▸ **Records for processing**
-- Opening Marker --
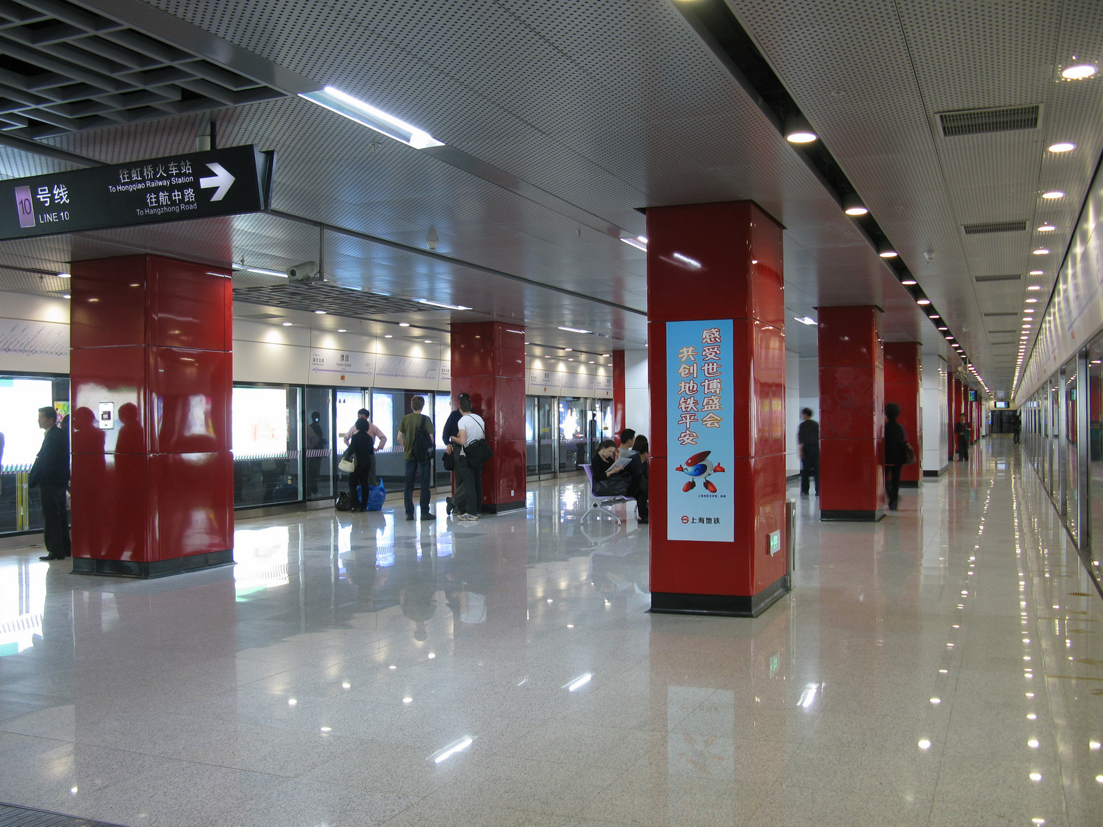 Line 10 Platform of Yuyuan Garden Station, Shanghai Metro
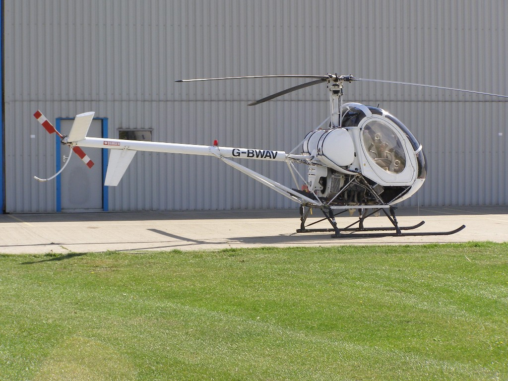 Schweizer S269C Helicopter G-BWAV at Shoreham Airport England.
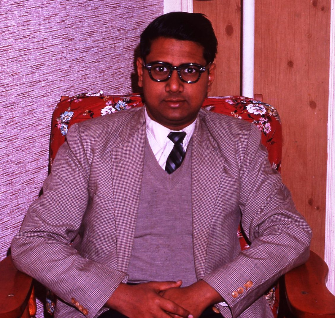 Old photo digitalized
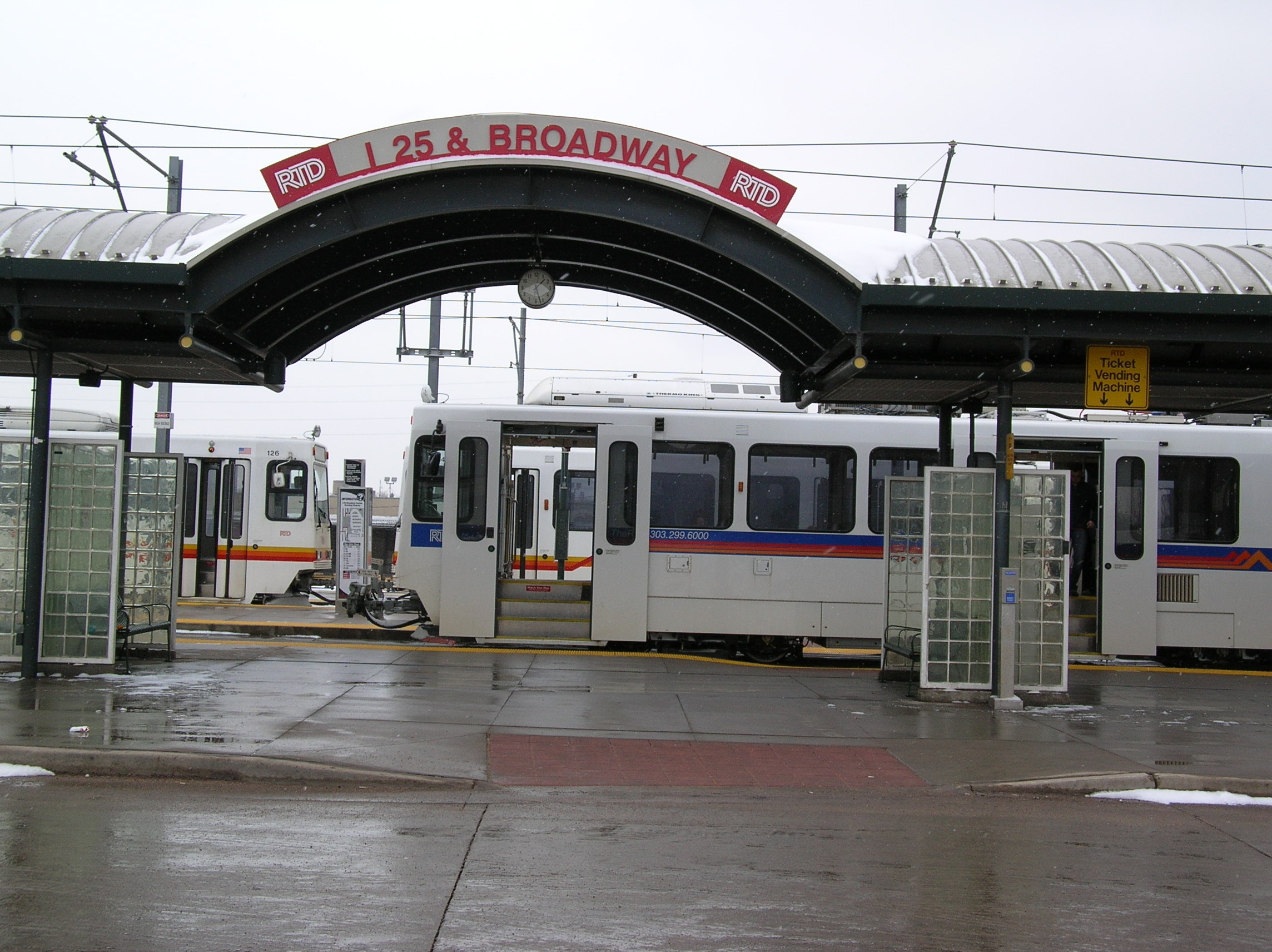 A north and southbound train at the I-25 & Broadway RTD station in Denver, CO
-- Closing Marker --
-- Opening Marker --
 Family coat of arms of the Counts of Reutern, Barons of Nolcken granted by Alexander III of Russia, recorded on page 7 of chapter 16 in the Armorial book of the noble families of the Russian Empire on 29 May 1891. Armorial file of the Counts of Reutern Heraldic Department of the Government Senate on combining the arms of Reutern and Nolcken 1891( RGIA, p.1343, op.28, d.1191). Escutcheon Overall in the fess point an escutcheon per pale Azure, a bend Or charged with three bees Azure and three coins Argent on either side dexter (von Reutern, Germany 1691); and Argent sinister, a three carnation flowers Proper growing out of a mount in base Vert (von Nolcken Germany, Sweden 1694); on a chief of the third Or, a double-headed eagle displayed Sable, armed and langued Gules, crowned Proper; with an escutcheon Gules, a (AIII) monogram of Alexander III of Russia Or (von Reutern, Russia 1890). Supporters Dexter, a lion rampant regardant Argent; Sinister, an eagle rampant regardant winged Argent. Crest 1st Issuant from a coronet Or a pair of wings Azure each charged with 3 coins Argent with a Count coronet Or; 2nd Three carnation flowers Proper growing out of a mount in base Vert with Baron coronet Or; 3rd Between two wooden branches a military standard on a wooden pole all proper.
-- Closing Marker --
-- Opening Marker --
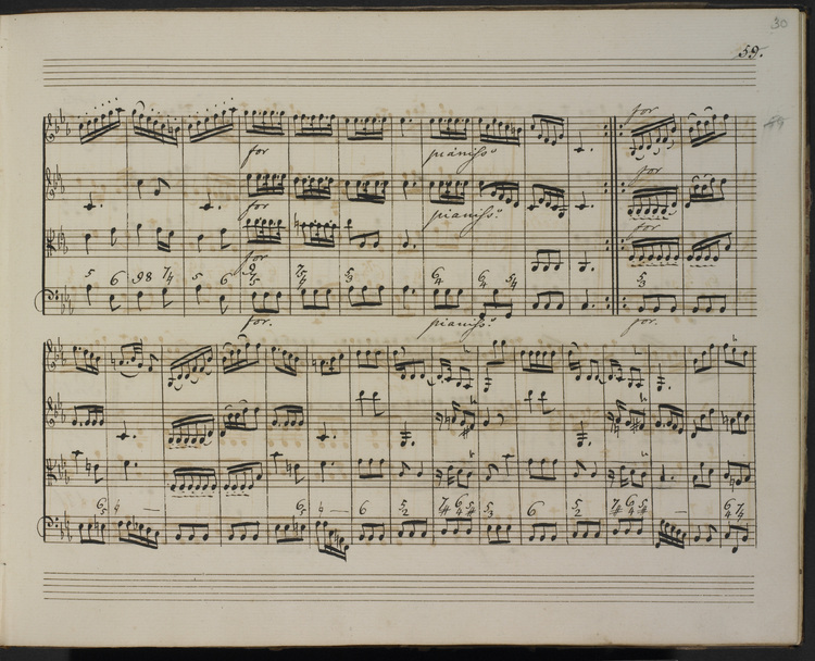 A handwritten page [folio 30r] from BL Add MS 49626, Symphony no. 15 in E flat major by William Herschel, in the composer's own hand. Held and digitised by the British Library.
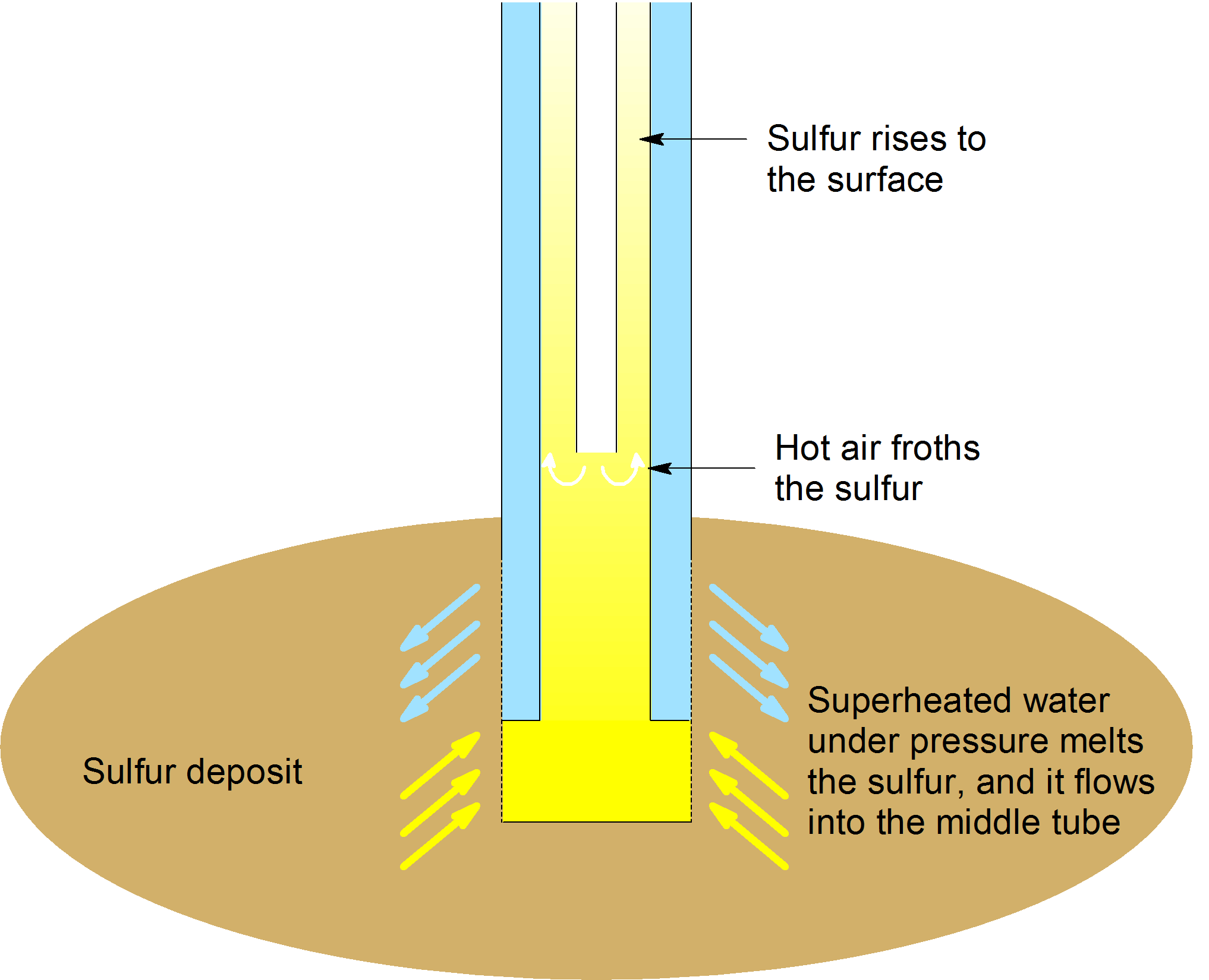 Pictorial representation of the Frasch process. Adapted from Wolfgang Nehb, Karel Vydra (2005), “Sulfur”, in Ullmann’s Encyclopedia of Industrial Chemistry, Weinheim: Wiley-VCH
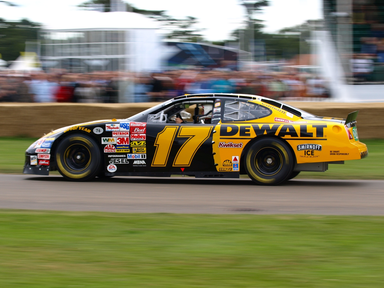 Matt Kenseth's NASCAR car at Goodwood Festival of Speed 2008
-- Closing Marker --
▸ **Problem to solve**
Line for line, output the entries above from the line with "Line 10 Platform" to the line with "A north and", both included, and nothing more. Skip pictures.

▸ **Exercise answer**
 Line 10 Platform of Yuyuan Garden Station, Shanghai Metro
 Schweizer S269C Helicopter G-BWAV at Shoreham Airport England.
 Old photo digitalized
 A north and southbound train at the I-25 & Broadway RTD station in Denver, CO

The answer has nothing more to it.